Various type of waterjet models.²

In the work of cutting and crushing some structure or cleaning of a storage tank using waterjet, the attack trajectory(a set of waterjet crushing points) generated by the behavior of the waterjet nozzle is highly related to the work efficiency. These trajectories are called a fracture pattern or a cleaning pattern. By optimizing the cleaning pattern that occurs during the waterjet driving, it is possible to save the working time and the working cost. Therefore, the cleaning pattern needs to be studied.

This study focused on the low pressure waterjet, which is widely used for cleaning and detaching the inside of a storage tank. The cleaning pattern of the low pressure waterjet is determined by various design variables, such as the number of nozzle bodies, the number of nozzles, the angle of the nozzle, and the gear ratio. In addition, it is necessary to create a large number of analysis models since the optimal cleaning pattern varies depending on the shape of the target structure. In this study, by developing the pattern design automation program that can cope with the change of the structure, the designer can create the waterjet analysis model with the desired shape and pattern. Also, it is possible to visualize and analyze the attack points and pattern of the waterjet on structures with various target shapes. Even if the target structure is changed, the design can be easily applied.

Figure 2 shows the various type of low pressure waterjet models being sold.

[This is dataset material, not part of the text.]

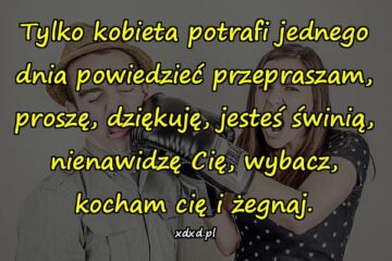 Tylko kobieta potrafi jednego dnia powiedzieć przepraszam, proszę, dziękuję, jesteś świnią, nienawidzę Cię, wybacz, kocham cię i żegnaj.

These are commonly used in sewer pipes and storage tanks, so they are usually installed inside a cylindrical structure. In this study, the cleaning pattern was evaluated and analyzed for the cylindrical structure using the developed program. The waterjet cleaning pattern was evaluated by visualizing the attack points obtained from the developed analysis model and pattern design automation program. And, a numerical analysis technique has been developed to determine the work efficiency for cylindrical structures. The area that was attacked for a certain period of time was derived and selected as the evaluation criterion for work efficiency. Through the selected evaluation criteria, work efficiency was analyzed according to the change of design variables. Based on the results of the analysis, the idea of making improved waterjet was presented.

Figure 2.

Waterjet target structure with cylindrical type.

Waterjet analysis model

Driving mechanism for waterjet models

To generate the analysis model for the waterjet, an analysis on the waterjet driving mechanism is needed. Figure 3 shows a schematic model of the low pressure waterjet model. It can be divided into three parts: input part, stem part, nozzle body part. An impeller rotates when water pressure is applied to the top of the input part through the water pump. With these rotation, a planetary reduction gear located in the stem part generates torque to obtain the driving force, and the torque is transmitted along the axis from the stem part to the nozzle body part. When the entire nozzle body part is rotated, the nozzle body part connected by a bevel gear also rotates. Finally, the water from the top of the input part is sprayed out through the nozzles, and the water attacks the target structure, resulting in the waterjet cleaning pattern. The water is used to rotate the nozzle body part and to attack the target structure. Therefore, it has a driving mechanism using pure fluid which does not require any other power such as a motor.

Figure 3.

Schematic model of the waterjet analysis model.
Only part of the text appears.